Give the data below again exactly as written, without its pictures.

Information: Begin

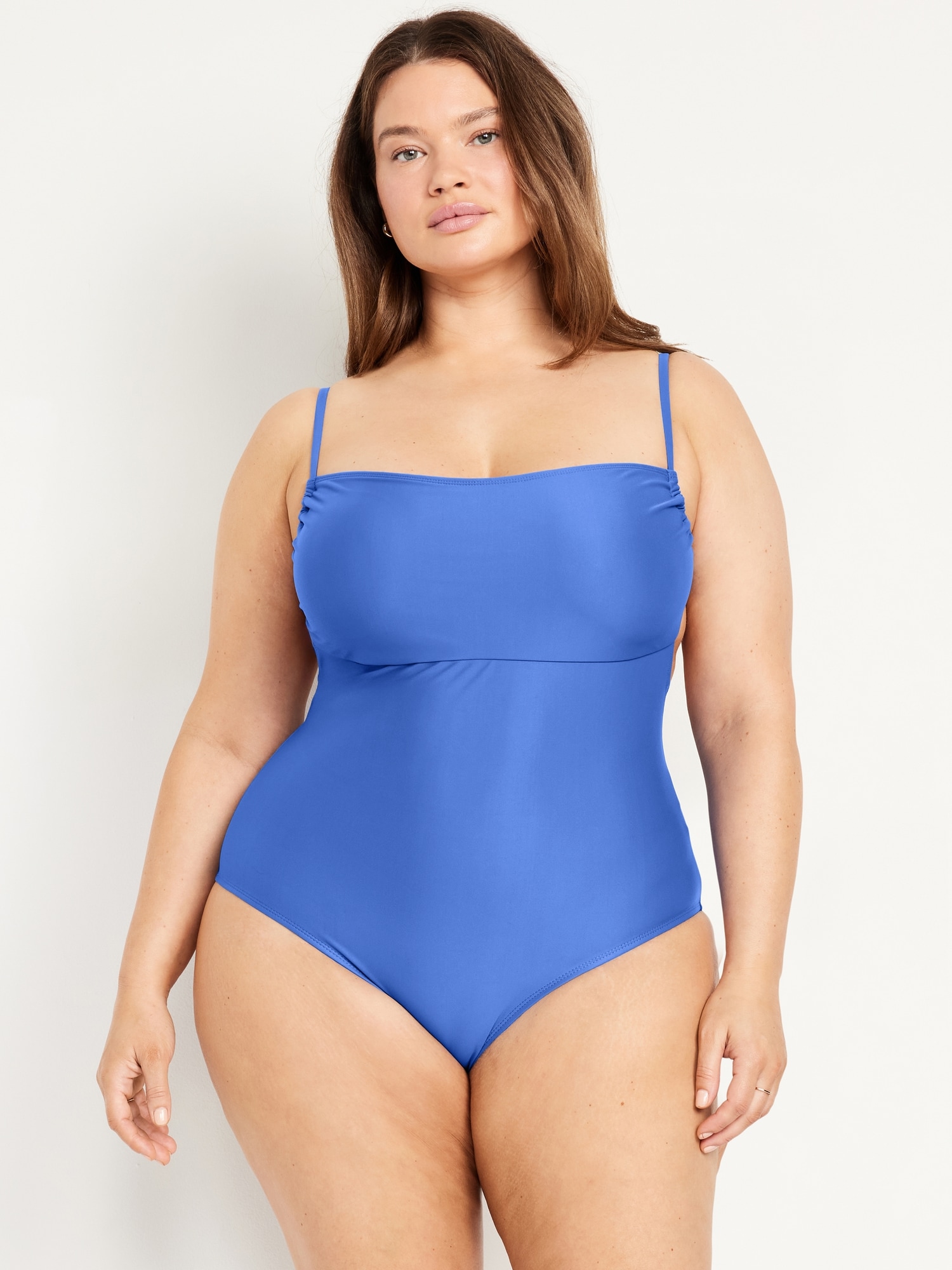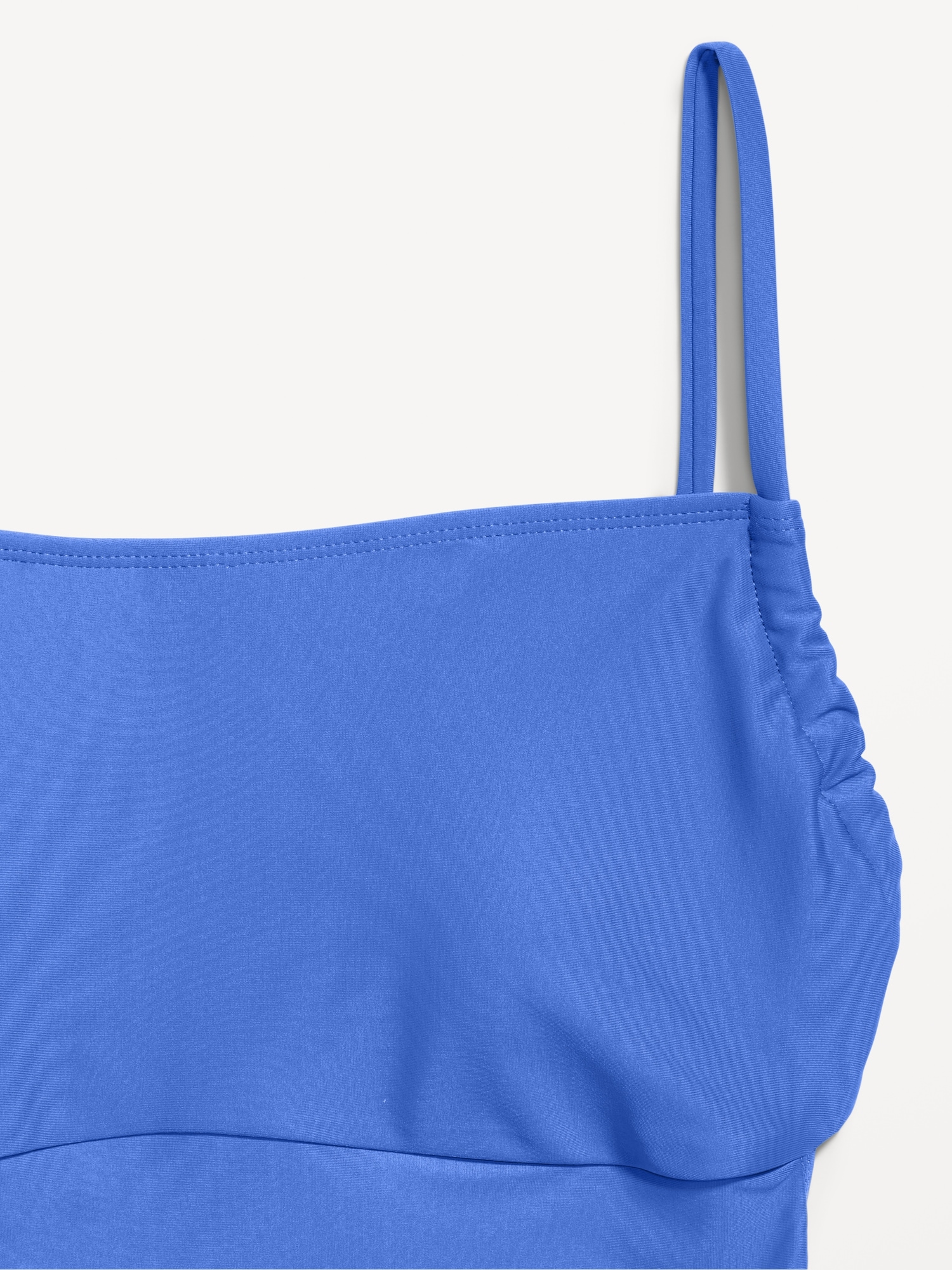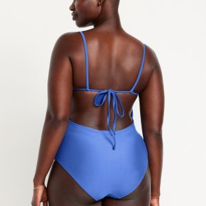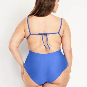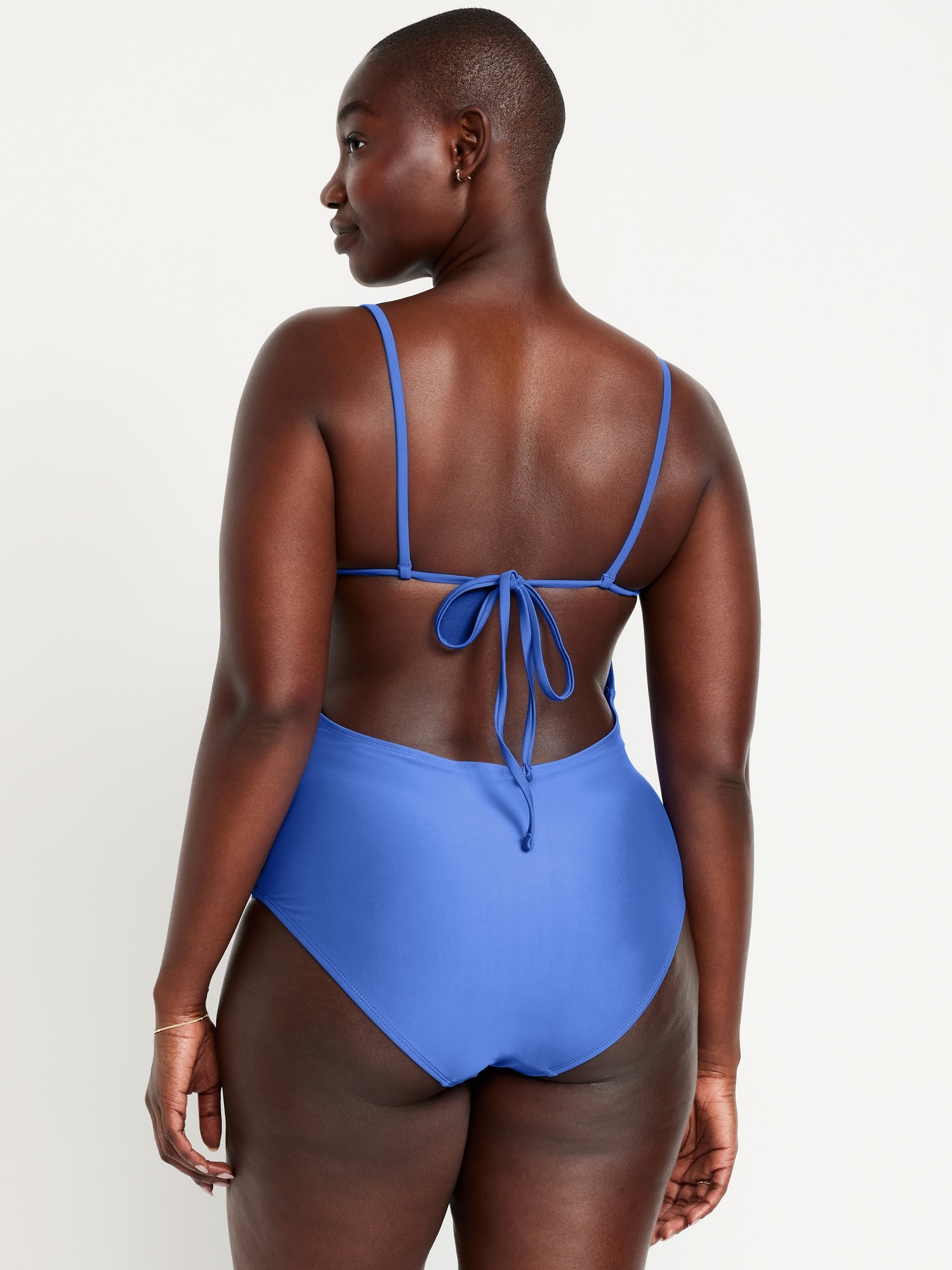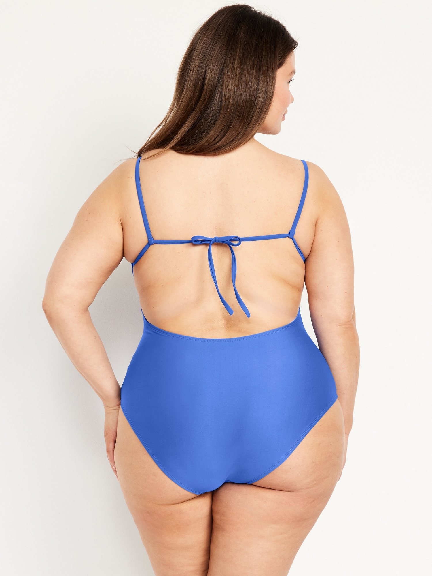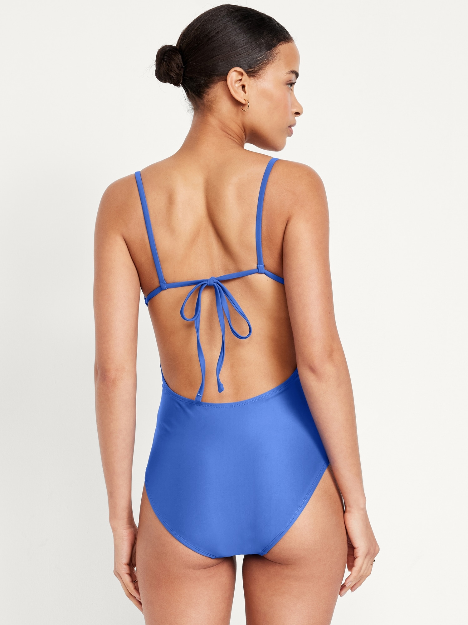 Matte Cutout Back One-Piece Swimsuit: spaghetti straps, ruched bodice, shelf bra, removable pads, cutout back, tie-back closure, elastic leg openings, #660611
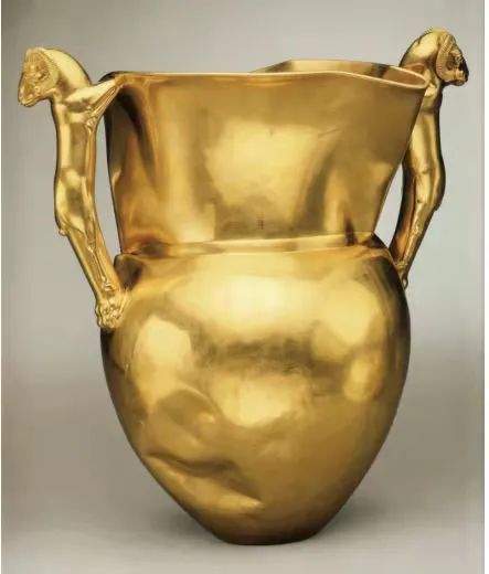 金罐罐体为双层,高颈,带有两个中空的欧洲盘羊形耳。每只耳上的盘羊头朝后,前肢弯曲,后肢向后伸直。耳的末端为狮子爪。这种金罐是阿契美尼德王朝的制品。
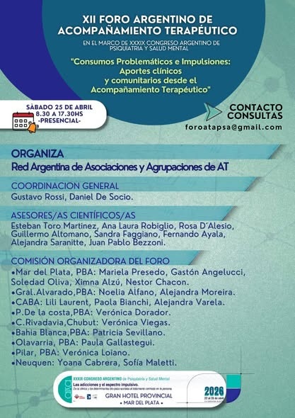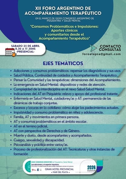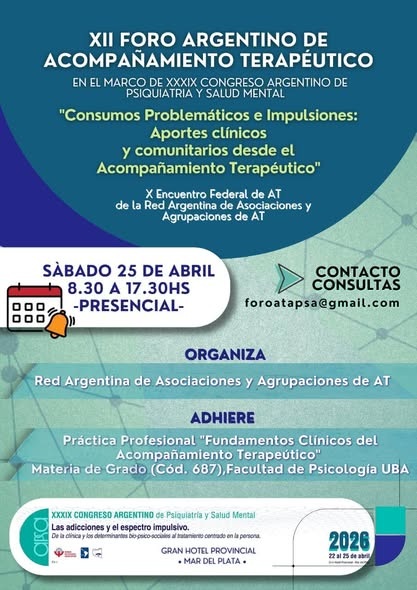 La Red Argentina de Asociaciones y Agrupaciones de Acompañantes Terapéuticos invita a participar del XII Foro Argentino de Acompañamiento Terapéutico y del X Encuentro Federal de AT en el marco del XXXIX Congreso Argentino de Psiquiatría y Salud Mental de APSA2026
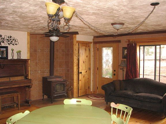 Beautiful, well-maintained true adobe home, recently remodeled and updated. Low maintenance and highly energy efficient. Copper and decorative wood throughout. Easy year-round access and a fully fenced yard. Large open deck for entertaining with panoramic views. Home is protected from the wind and receives full sun from sunrise to sunset. Peaceful setting with lots of useable elbow room. Large barn with sleeping quarters and workshop/garage attached. Horse stalls open out to pasture. SqFt includes 500sqft of heated guest quarters.
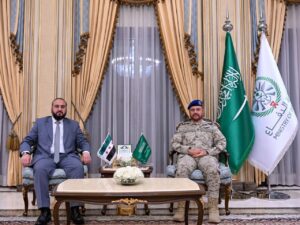 التقى وزير الدفاع اللواء المهندس مرهف أبو قصرة رئيس هيئة الأركان العامة الفريق الأول الركن فياض الرويلي في المملكة العربية السعودية ضمن زيارة الوفد الرسمي السوري إلى الرياض.
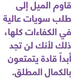 طلب سويات عالية في الكفاءات كلها، ذلك لأنك لن تجد أبداً قادة يتمتعون بالكمال المطلق. وفي دراسة أجريناها بالتعاون مع شركة "ماكنزي"، لأكثر من 5,000 مدير تنفيذي في 47 شركة، وجدنا أن 1% فقط حققوا متوسط كفاءة مهنية بلغت الرقم 6 أو أكثر، وأن 11% منهم فقط أحرزوا الرقم 5. ولذا، فحتى بالنسبة لأعلى المناصب الإدارية، يتعين عليك أن تسعى إلى إحراز سويات فوق المتوسط في معظم الكفاءات ورقماً مميزاً في اثنتين أو ثلاث منها.
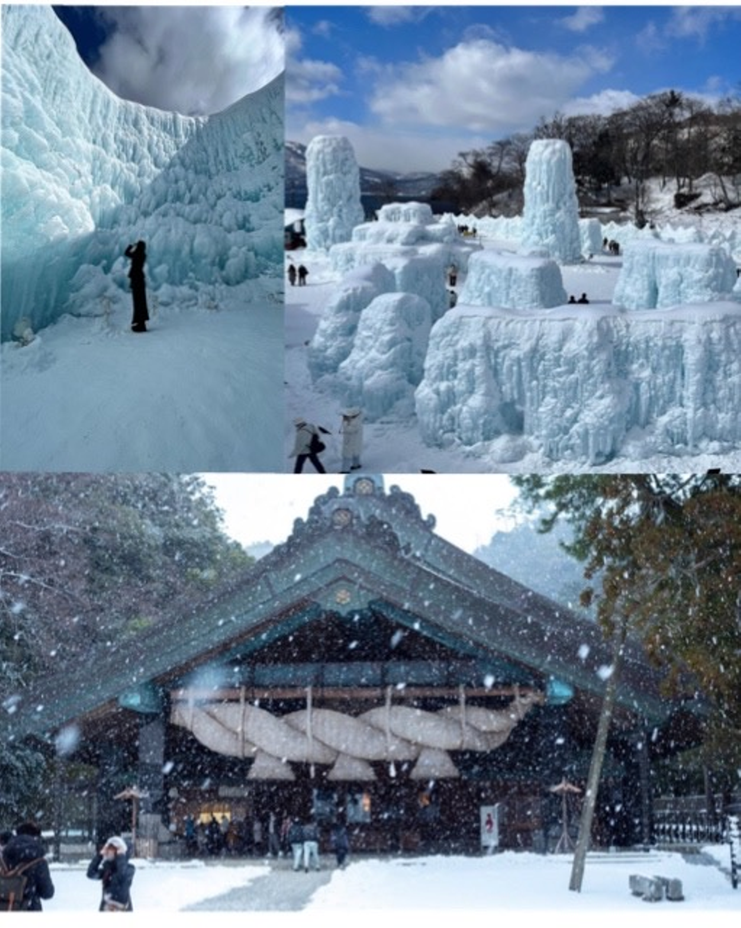 こちらの上2つは北海道の支笏湖氷濤(しこつこひょうとう)まつりの様子です。

Information: End

[Result]
 Matte Cutout Back One-Piece Swimsuit: spaghetti straps, ruched bodice, shelf bra, removable pads, cutout back, tie-back closure, elastic leg openings, #660611
 金罐罐体为双层,高颈,带有两个中空的欧洲盘羊形耳。每只耳上的盘羊头朝后,前肢弯曲,后肢向后伸直。耳的末端为狮子爪。这种金罐是阿契美尼德王朝的制品。
 La Red Argentina de Asociaciones y Agrupaciones de Acompañantes Terapéuticos invita a participar del XII Foro Argentino de Acompañamiento Terapéutico y del X Encuentro Federal de AT en el marco del XXXIX Congreso Argentino de Psiquiatría y Salud Mental de APSA2026
 Beautiful, well-maintained true adobe home, recently remodeled and updated. Low maintenance and highly energy efficient. Copper and decorative wood throughout. Easy year-round access and a fully fenced yard. Large open deck for entertaining with panoramic views. Home is protected from the wind and receives full sun from sunrise to sunset. Peaceful setting with lots of useable elbow room. Large barn with sleeping quarters and workshop/garage attached. Horse stalls open out to pasture. SqFt includes 500sqft of heated guest quarters.
 التقى وزير الدفاع اللواء المهندس مرهف أبو قصرة رئيس هيئة الأركان العامة الفريق الأول الركن فياض الرويلي في المملكة العربية السعودية ضمن زيارة الوفد الرسمي السوري إلى الرياض.
 طلب سويات عالية في الكفاءات كلها، ذلك لأنك لن تجد أبداً قادة يتمتعون بالكمال المطلق. وفي دراسة أجريناها بالتعاون مع شركة "ماكنزي"، لأكثر من 5,000 مدير تنفيذي في 47 شركة، وجدنا أن 1% فقط حققوا متوسط كفاءة مهنية بلغت الرقم 6 أو أكثر، وأن 11% منهم فقط أحرزوا الرقم 5. ولذا، فحتى بالنسبة لأعلى المناصب الإدارية، يتعين عليك أن تسعى إلى إحراز سويات فوق المتوسط في معظم الكفاءات ورقماً مميزاً في اثنتين أو ثلاث منها.
 こちらの上2つは北海道の支笏湖氷濤(しこつこひょうとう)まつりの様子です。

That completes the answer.